Late 2019 found me setting up a new studio in the much larger spare room of the house we started renting in West Footscray. Before we knew it, the pandemic was on and with a series of lockdowns happening in 2020 and me being able to continue working my day job from home, I suddenly had a lot more spare time to get recording and writing again. I made pretty good progress, even releasing a dark synth-driven single in late 2020 and putting a bunch of demos for the album up on Bandcamp as a teaser. But then as 2021 unfolded, whole lot of stuff happened that took away my time and energy for continuing the work (though I did manage to record and release another song toward the end of that year). Over the next two years I was involved in a couple of other musical projects and transitioned from my day job to running my own one-person consultancy business, and Songs From the End of the World‘s hiatus continued.
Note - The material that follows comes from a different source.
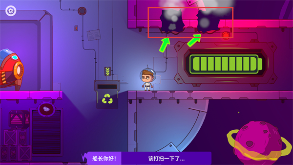 3、按照【绿色箭头】指向,修复船舱,完成场景清理任务,为后续行动铺路。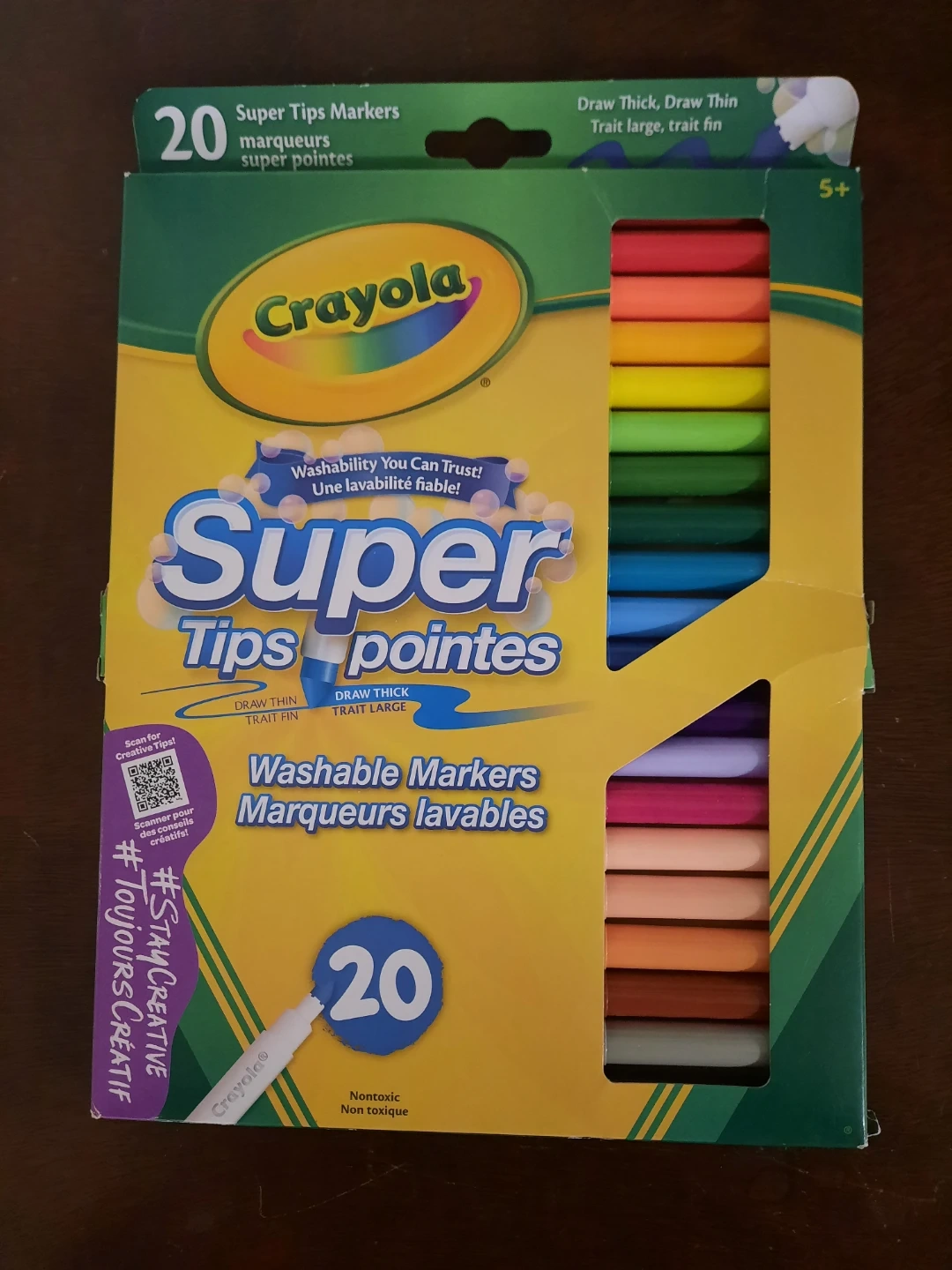 This is a pack of Crayola Super Tips Washable Markers with 20 colours. They're nontoxic and offer washability you can trust. This set allows for drawing thick or thin lines.

But that’s changed now. My new life has settled, more of my time is my own, and a month or so ago I walked into my studio to recommence work on the project. However, listening back to what I had so far recorded, I distracted myself by also listening to the old Over and Over unfinished recordings – much closer to completion that the 2020 stuff – and decided that I would finish it first before getting back to Songs From the End of the World. I no longer felt that having released a few of the songs on other albums meant they could no longer be included. What’s wrong with having a few different versions of the same song out there? If it is good enough for Paul Kelly, it’s good enough for me.

So a few weeks ago I returned to Like Me. Like all the Over and Over songs, it’s almost finished: bass, guitars, harmonica and guide vocals are all recorded and edited; only drums, final vocals, and any additional instruments need to be recorded and then the whole thing needs to be mixed. I quickly came across one problem – the version of the software I used to record and edit the original recordings (the free open source DAW Ardour) is so old, I can’t reliably open the files with the current version – and when I can, all the edits are lost. But I took this as an opportunity – with fresh ears and more developed skills now, I can re-edit for the original takes. So I did this, using the demo bounces as a reference but only as a guide – I don’t want to necessarily recreate them, just find the best performance of the songs from within the raw material. After re-editing and remixing the song, I created a tempo map so I could make a click track that lines up with the subtle variations in timing in the original recordings. Using that click track, I recorded a drum part. This really brought the song alive! With that down, I did a bit of fine-tuning to the other tracks to correct a little sloppy timing here and there, and doubled the lead guitar part with a different guitar and amp to give it some extra punch. It sounds fantastic.

This song has a two-part instrumental section. The second part has a bluesy harmonica solo, but the first part was not complete – it has a guitar riff underpinning it but was waiting for an unspecified other lead instrument to go over the top. I came up with an idea of building up some layers of a number of different instruments doing different things, to form a slightly out-there crescendo into the bluesy harmonica bit that then goes into the bridge. This was a heap of fun: I spent 45 minutes tuning an autoharp and then recorded some dramatic autoharp chords, some slide guitar runs, a synth line (on a Stylophone!), some chord runs on a tenor guitar and some complementary ones on an emulated Fender Rhodes electric piano.

All that’s left to be done now is to record the lead vocals and some harmonies, and mix it all together. I’ll post that in part 9 when I get to it!